Płaczę i nie przestaję.
Nie wiem czy kiedykolwiek przestanę.
Najbardziej płaczę za jego nogą.
Obcięli mu pieprzoną nogę, przebitą w trzech miejscach na wylot. Nie ma nogi od kolana w dół.
– Czy możemy go zobaczyć? – pyta Liam – Czy przynajmniej jego żona może go zobaczyć?
– Wprowadziliśmy go w śpiączkę. Zaprowadzę panią do sali – biorę Liama za rękę.
– Proszę czy możesz iść ze mną? – nie poradzę sobie sama. Nigdy nie twierdziłam, że jestem silna, nigdy nie musiałam się o tym przekonywać. Nie pamiętam już czasu gdy Luke'a nie było obok mnie, a teraz.. teraz to ja muszę być obok niego i nie wiem czy poradzę sobie z tym.

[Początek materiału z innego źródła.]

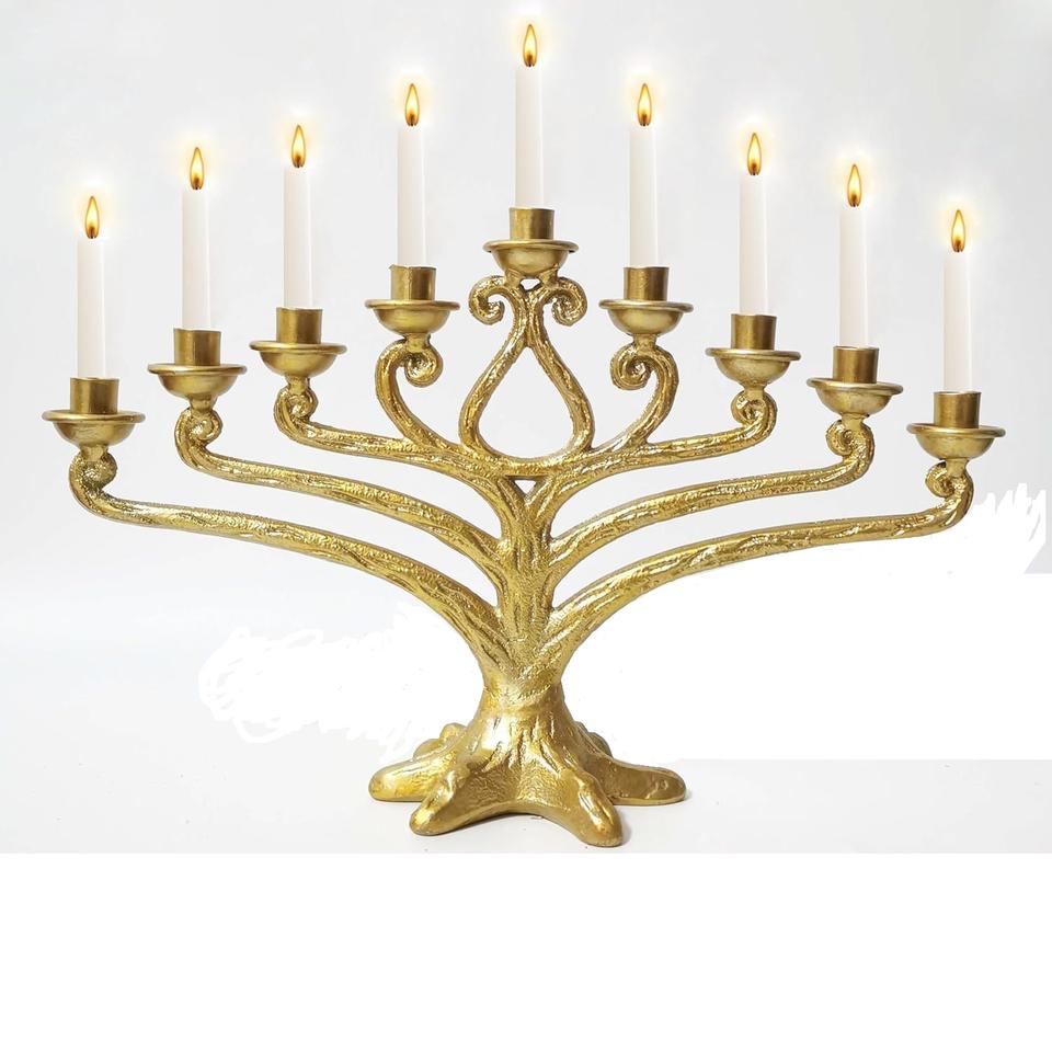 Elegante Menorá Árbol de la Vida de 9 Brazos para Hanukkah, Candelabro Dorado para Actividades Religiosas y Ocasiones Especiales, Regalos Judaicos para Cumpleaños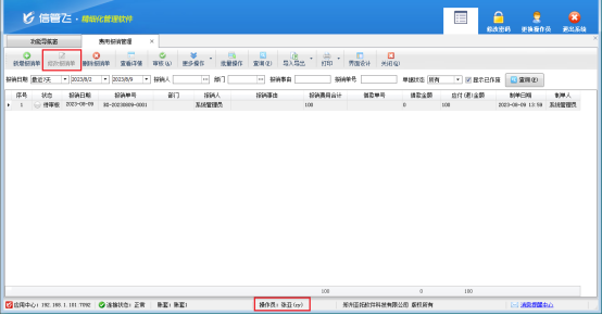 權限設置完成后,使用操作員“張亞”登錄軟件,打開費用報銷管理界面,可以看到工具欄“修改”按鈕為灰色的,操作員無法修改費用報銷單。如圖所示:

Zatrzymuję się przed wejściem do sali. Obracam się do Liama i mocniej ściskam jego dłoń.
– On nie będzie miał nogi – szepczę, żeby w końcu to zrozumieć – Nogi, połowy, lewej nogi – kiwa głową.
– Ale żyje, Jenny – unoszę na niego wzrok -
– Nie obchodzi mnie jego noga, znaczy obchodzi, ale nie obchodzi mnie tak jak go..
– To mój brat, jest silny, poradzimy sobie z tym – muszę w to wierzyć.
To jest moment, kiedy zewnętrzna perfekcja znika, a ludzie zaczynają patrzeć na ciebie krzywo. Trudno do tego przywyknąć gdy przez dwadzieścia osiem lat zachwycano się twoim wyglądem.
Wchodzimy do środka.
Od razu zaczynam płakać.
Patrzę na mojego męża, przykutego do łóżka, patrzę na jego nogi, a raczej na nogę i jedną drugą nogi, patrzę na jego twarz, widzę, że jest cała zabandażowana. Płaczę w ramie jego brata, bo wiem, że chociaż Luke żyje. Teraz wszystko się zmieni.